Bu coğrafyada yaşadığımız bin yıllık ortak yaşamın hatırası
nedeniyle en azından Kurban Bayramı'nda terörün, şiddetin
duracağını düşündüm. Ama ne mümkün, ne Şırnak'ta terör saldırıları,
ne de siyaset ve medyada nefret yaklaşımları durdu... Silahlar
susmadığı gibi, ağzını açanlar da öfkeyle konuştu.

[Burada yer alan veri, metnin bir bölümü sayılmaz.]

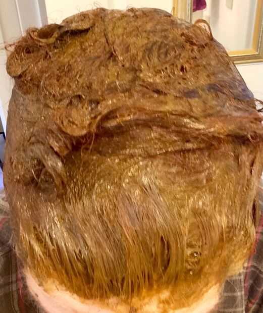 Incluso he poner la henna en antes de dormir y dormía con una toalla para limpiar la almohada. Si se seca la goma de la alheña no lastimará su pelo o la piel y elimina así la mañana siguiente, podría dar a dejar un interesante patrón en su almohada, si tu cabello no está bien cubierto. NUNCA a tratar de dormir con tintes químicos o podría despertar Calvo!
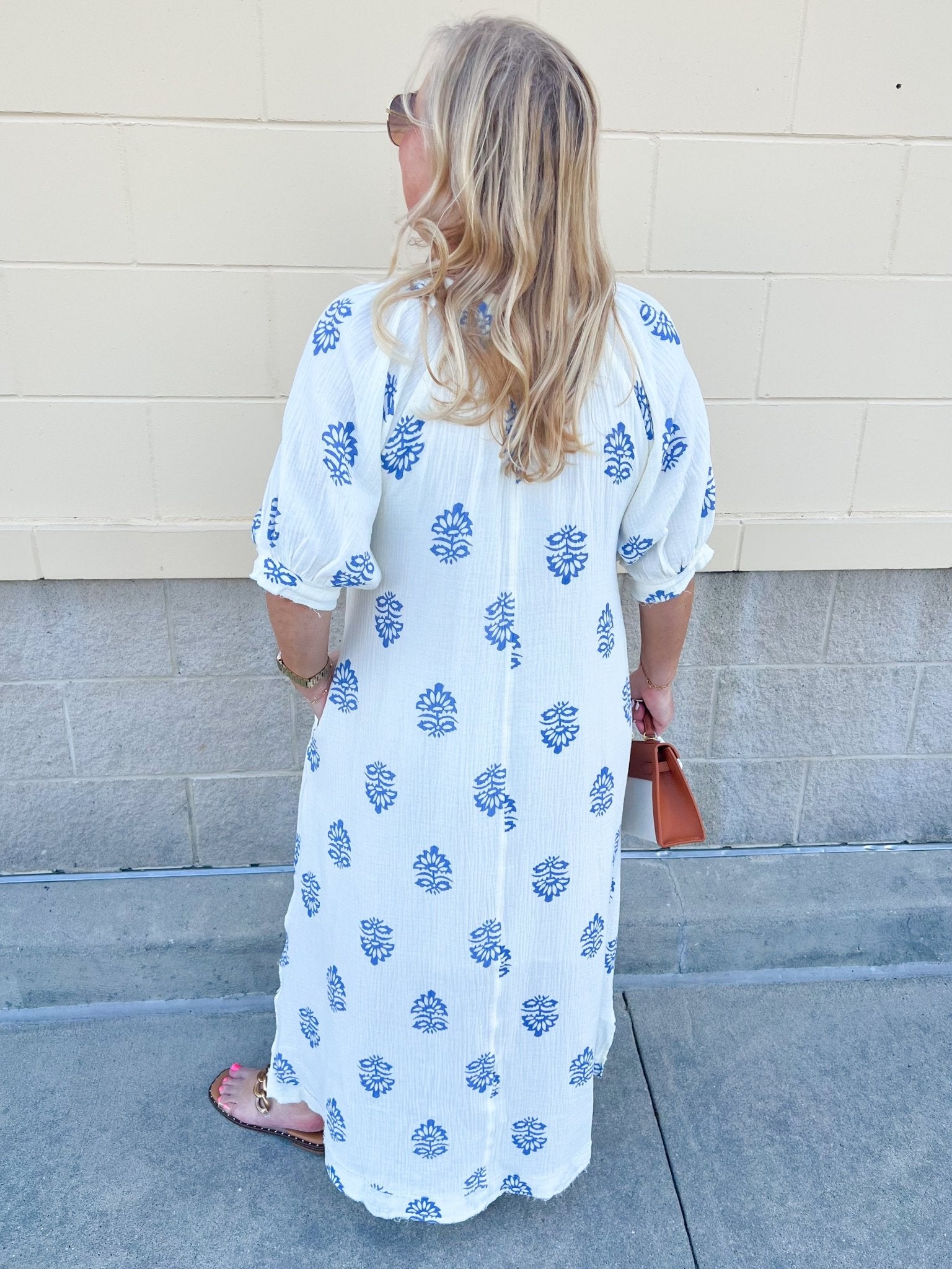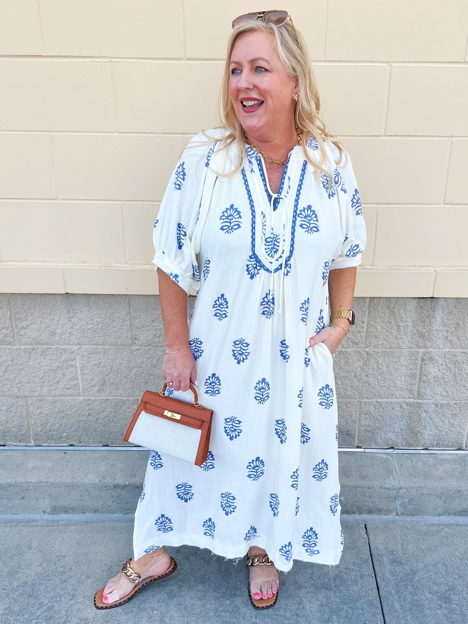 The flattering v-neckline features a delicate tie detail, adding a romantic touch, while blue floral embroidery dances across the crisp white fabric for a fresh, garden-inspired look. Blue lace stitching along the edges elevates the design with a refined, delicate finish. Softly puffed sleeves hit just above the wrist, adding a hint of volume that balances the lightweight, flowing skirt.

En makul sayılan köşe yazarları bile bayramın hoş görüsünden söz
edip, satır aralarında eleştiri adına "düşmanlık" yapmaktan geri
durmadı. Önce nefret ürettiler sonra da suçu kendi dışındakilere
atarak o zeminden şikâyet ettiler.
Aslında bu noktaya nasıl gelindiğini hepimiz iyi biliyoruz. İki
yıldır, sandıktan elde edemedikleri başarıyı sokakları
hareketlendirerek veya darbe girişimleriyle elde etmeye çalışanlar,
önce "diktatörlük" üzerinden nefreti, sonra da devreye PKK-HDP
hattını sokarak çatışmayı körüklediler.
Bunun ipucunu "Güney'deki ülkeyi" seven Paralelci
işadamı Süleyman Müftügil, Ekim 2013'te vermişti: "Çözüm
süreci bitecek çatışma yeniden başlayacak." Dediği gibi de oldu,
KCK 10 Temmuz 2015'teki "Devrimci halk savaşı" çağrısıyla terörü
başlatarak bölgeyi kan gölüne çevirdi.